How to Improve NAFTA



Jorge G. Casteneda, and Carlos Heredia

MEXICO CITY – As US President Donald Trump promised, renegotiation of the North American Free Trade Agreement (NAFTA) has commenced. The initial talks are already sending a clear message: the disagreements to be resolved by Canada, Mexico, and the United States are fundamentally political, not economic, and they are as pronounced within each country as they are between them.

Contrary to popular belief, the true global trade dilemma of our time is not so much liberalization versus protectionism, but the rights of capital versus the rights of people. In recent years, trade pacts have exacerbated imbalances on that front, by failing to deliver benefits for the many, rather than for a relatively few powerful corporations.

In this context, a focus on improving each NAFTA economy’s trade balance would be misguided. Instead, negotiators must aim to spread the benefits of trade more widely, by taking better advantage of the opportunities for cooperation stemming from geographical proximity, complementary labor markets, demographic dynamics, and economic integration.

The Office of the United States Trade Representative (USTR) has the right idea, with negotiating objectives that cover labor issues and wages, transparency, corruption, and some aspects of human rights. Canada has enriched this approach further, insisting that gender and the rights of indigenous people also be included. Mexico has yet to say what it wants, but it should move in the same direction.

Issues relating to wages and working conditions will be particularly important to Mexico, where the prevailing approach can be called “patriotic exploitation.” In short, workers’ rights and compensation are regarded as a concern for Mexican companies alone.

Though Mexico promised in 1993 to bring its labor standards into compliance with International Labor Organization guidelines, it has yet to follow through. So, as labor productivity grows in Mexico, the additional income is appropriated mainly by companies and their shareholders, rather than by the workers creating the value. As the CEO of United Technologies gushed, Mexican workers now do the same jobs to the same standard as their US counterparts, but for barely a fifth of the pay.

Mexico continues to operate under the assumption that wages low enough to attract and sustain investment ensure the shortest route to competitiveness. The Mexican economic elite, therefore, considers it almost a patriotic duty to continue exploiting the country’s workers. Spurring faster wage growth in Mexican manufacturing may require that free access to the US market be conditioned on it.

How could Mexico fulfill this condition? In the long term, achieving full employment would do the job. But, in the medium term, the key will be labor rights: unionization and collective bargaining; prohibition of child labor, unpaid overtime, unjustified dismissal, and excessive outsourcing; and skills training to meet the economy’s changing needs.

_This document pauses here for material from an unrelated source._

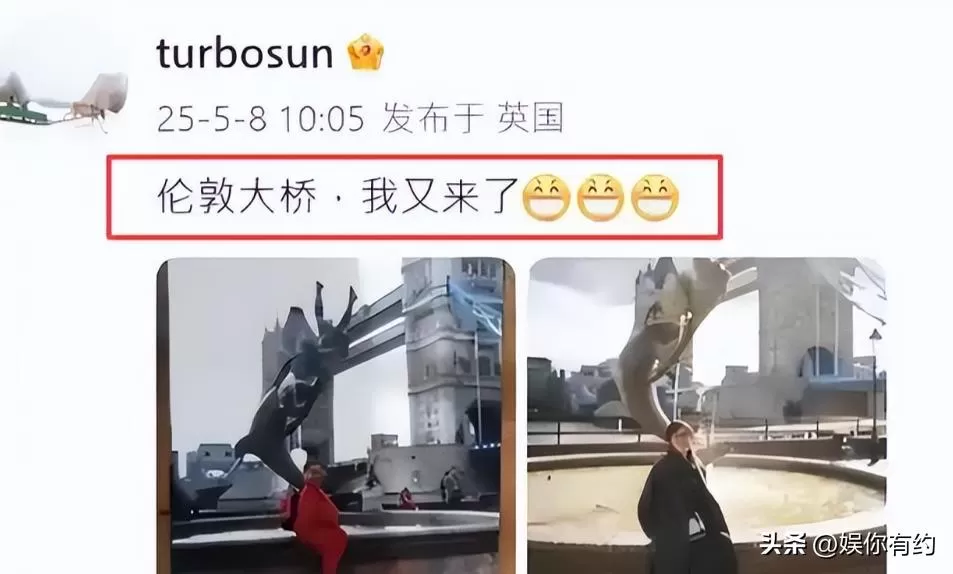可惜当俪姐晒出两张英国出行的照片,并配上“伦敦大桥,我又来了”的言论后,

Including wage conditions in the revised NAFTA could also be meaningful in the US and Canada, especially with regard to the rights of migrant workers and permanent residents. As for Mexico, immigration and migrants are the most important topic excluded from the original agreement. The key to success will be effective penalties for non-compliance, focused on the withdrawal of trade benefits.

On corruption, too, it is likely to be difficult for Mexico to move forward without external discipline. To be sure, since 2008, Mexico has sought to implement far-reaching reforms of the criminal justice system, and last year, it created a national anti-corruption system.

But the government has actively undermined its own efforts on both fronts, with the anti-corruption system having yet to see the light of day. Meanwhile, calls by major civil-society organizations, business leaders, and top academics for the appointment of an autonomous and effective attorney general and anti-corruption prosecutor have met considerable resistance.

The NAFTA renegotiation provides an opportunity to internationalize Mexico’s anti-corruption fight. Already, the USTR has identified corruption as an area of interest. For example, the main provisions of the US Foreign Corrupt Practices Act could be included in the new NAFTA, in order to raise Mexican standards of compliance.

The final chapter that should be added to the renegotiated NAFTA is also the most delicate: human rights. Since the end of the 1990s, Mexico has accepted the idea of subjecting its commitments in this area to international scrutiny.

Yet this promises to be the most violent year in Mexico since 2006, when the “war on drugs” was declared. There is reason to believe that concern in the US about its worsening opioid epidemic, which supposedly originates in the poppy fields of Mexico, will intensify the war effort – and, with it, human-rights violations.

With the Mexican government failing to translate its rhetoric on human rights into action, NAFTA may provide a powerful mechanism to improve outcomes. Specific goals should include improved gender wage equality and a better balance between agricultural exporters’ prosperity and that of agricultural workers, many of whom are indigenous.

Trade pacts like NAFTA must no longer be regarded as charters of rights for large corporations. They must serve ordinary citizens and address their problems. To that end, today’s trade deals must take a cooperative approach that emphasizes capacity-building and encourages vigorous citizen participation, with civil society in each country assured the legal standing to present cases within the framework of a renegotiated agreement.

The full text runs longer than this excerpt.